## SOURCE INFORMATION:

--- START ---

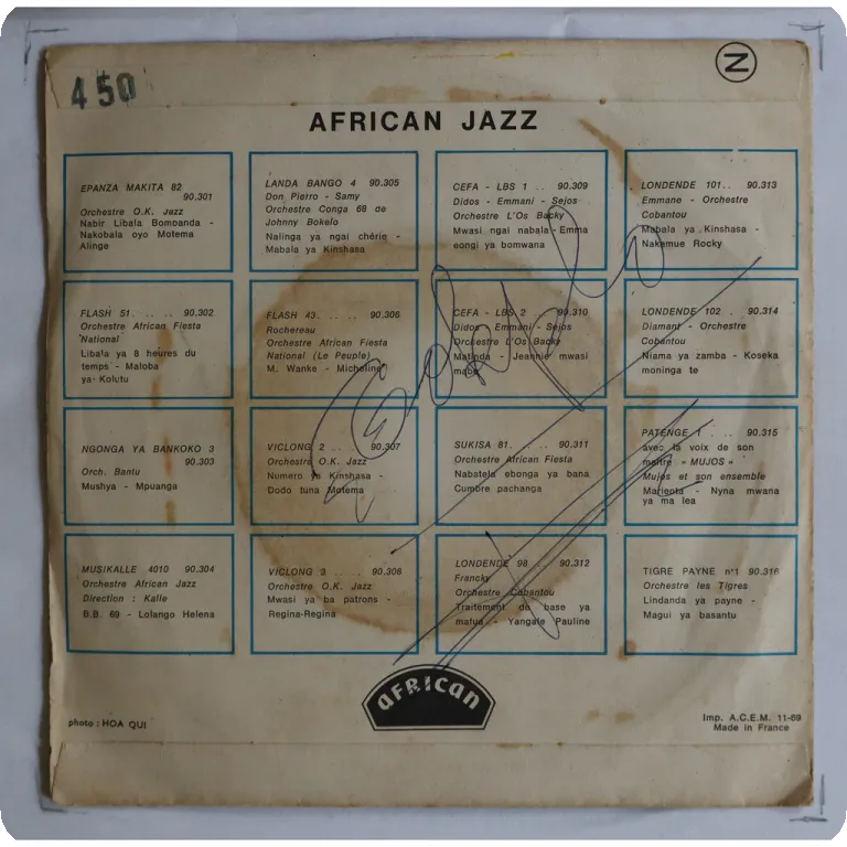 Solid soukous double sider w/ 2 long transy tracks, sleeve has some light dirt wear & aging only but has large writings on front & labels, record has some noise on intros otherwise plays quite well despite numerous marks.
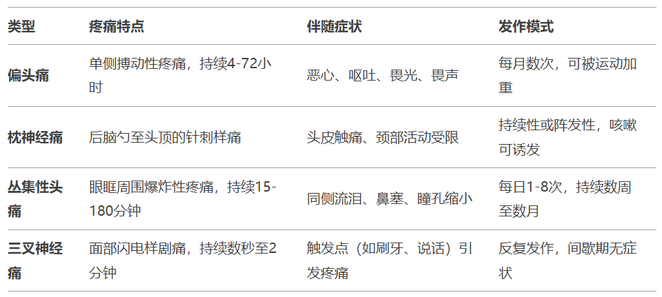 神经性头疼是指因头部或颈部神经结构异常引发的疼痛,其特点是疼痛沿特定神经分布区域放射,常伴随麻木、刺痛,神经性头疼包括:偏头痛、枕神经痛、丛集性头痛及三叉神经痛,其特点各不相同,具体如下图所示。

--- END ---
--- START ---

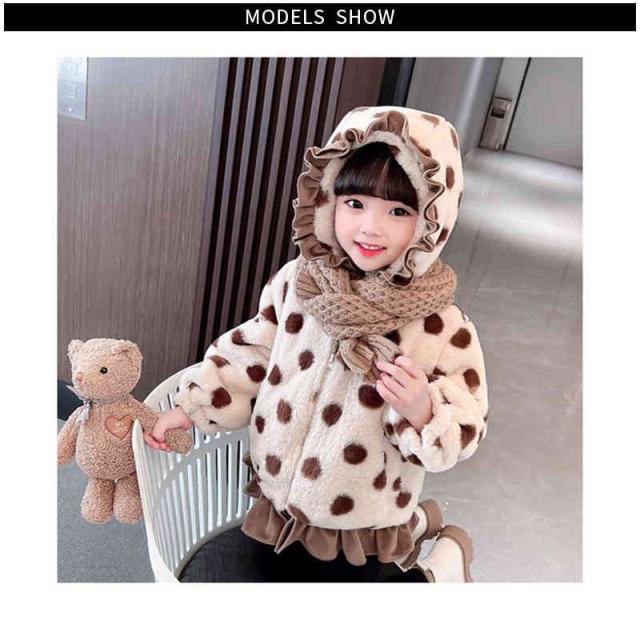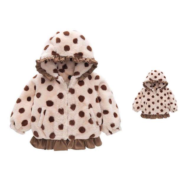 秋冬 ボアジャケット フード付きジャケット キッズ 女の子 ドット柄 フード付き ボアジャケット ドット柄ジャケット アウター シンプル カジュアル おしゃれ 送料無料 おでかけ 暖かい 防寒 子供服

--- END ---

Find the line with "Solid soukous double" and the line with "神经性头疼是指因头部或颈部神" in the records above. Copy both and all lines between them exactly, without pictures.

 Solid soukous double sider w/ 2 long transy tracks, sleeve has some light dirt wear & aging only but has large writings on front & labels, record has some noise on intros otherwise plays quite well despite numerous marks.
 神经性头疼是指因头部或颈部神经结构异常引发的疼痛,其特点是疼痛沿特定神经分布区域放射,常伴随麻木、刺痛,神经性头疼包括:偏头痛、枕神经痛、丛集性头痛及三叉神经痛,其特点各不相同,具体如下图所示。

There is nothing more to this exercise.